Marie Antoinette never said: "Let them eat cake." Vincent Van Gogh did not cut off his ear to impress a lover. And, despite what my well-meaning mother told me, swallowed gum doesn't sit in your stomach for seven years, and if you make a funny face there is absolutely no chance of it sticking that way.

There are lots of similarly popular myths about Jewish law:

One of the most widespread is that a Jew with a tattoo can't be buried in a Jewish cemetery. One memorable student once even emphatically argued with me that rabbis require that a tattoo be cut off before burial, presumably leaving many Jewish cadavers buried sans arms, legs, and the occasional rear end. This is all totally false. While Jewish law does prohibit tattooing, there is no source, ancient or modern, for the idea of excluding a tattooed Jew from proper burial. As Rabbi Alan Lucas, writing for the Conservative Movement's Committee on Jewish Law and Standards, notes: "However distasteful we may find the practice [of tattooing], there is no basis for restricting burial for a Jew who violates this prohibition… (Lucas, Tattooing and Body Piercing, 1997). Yet, the rumor persists (perhaps fed by other, well-meaning Jewish mothers… who can say?)

A much more damaging myth is the concept that a prospective convert must be turned away three times before being accepted for conversion.
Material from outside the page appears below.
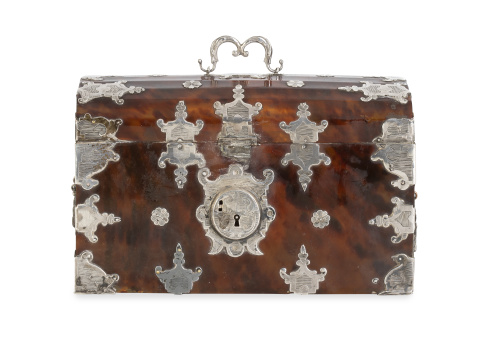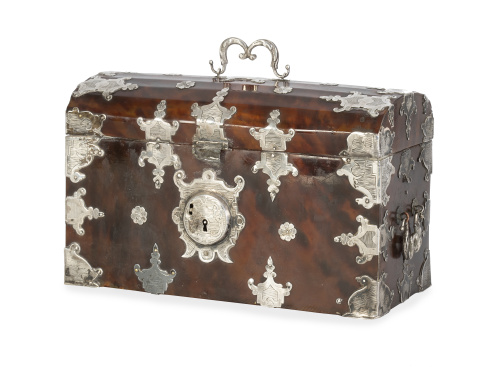 Cofre de carey con tapa de bóveda de medio cañón, montado en plata grabada y recortado.

This ubiquitous idea is referenced everywhere from recent articles in the Washington Post and Haaretz to episodes of popular shows like Sex in the City and Orange is the New Black. Over the ten years I directed AJU's Miller Introduction to Judaism Program, I found that many of my students came to class fully expecting to be turned away. Others confessed they were terrified to reach out to potential sponsoring rabbis. Sadly, there are undoubtedly many more who never wound up beginning a Jewish journey at all out of fear of what they anticipated to be inevitable rejection.

The "turning away three times" idea originates from a collection of midrashim (rabbinic sermons or interpretations) called Ruth Rabbah. In this 6th century document, we find a quote from Rabbi Shmuel bar Nachmani who notes that Naomi, the mother-in-law of Ruth, urged her three times to return to her kin after the death of her husband. He states: "She says, 'turn back' three times, which corresponds to the three times one pushes off a convert" (Ruth Rabbah 2:16).

According to Jewish law, one does not need to turn a person away three times, or even once. All that is required is one straightforward question of intent, ensuring that a person understands what it means to throw in their lot with the Jewish People. If they answer with sincerity, they ought to be met with a loving embrace and a hearty welcome to the family.

On Shavuot, we read the Book of Ruth and pay respect to the spiritual courage it took her – and all her children after her – to take a leap into the unknown and discover a new path. But it is not enough to pay lip service to that courage. I have heard story after story from those on the path to conversion who are met with suspicion or outright rejection. Our community needs to take a hard look at itself and ask why "everyone knows" that we turn away converts three times, but too few people know that the actual law is to do the opposite.

At this profound moment of both crisis and opportunity in Jewish life, we must definitively bust this myth once and for all. Rabbi Shmuel's minority position was rejected by the Sages millennia ago. It is time for us to fully commit to do the same. The world is waiting.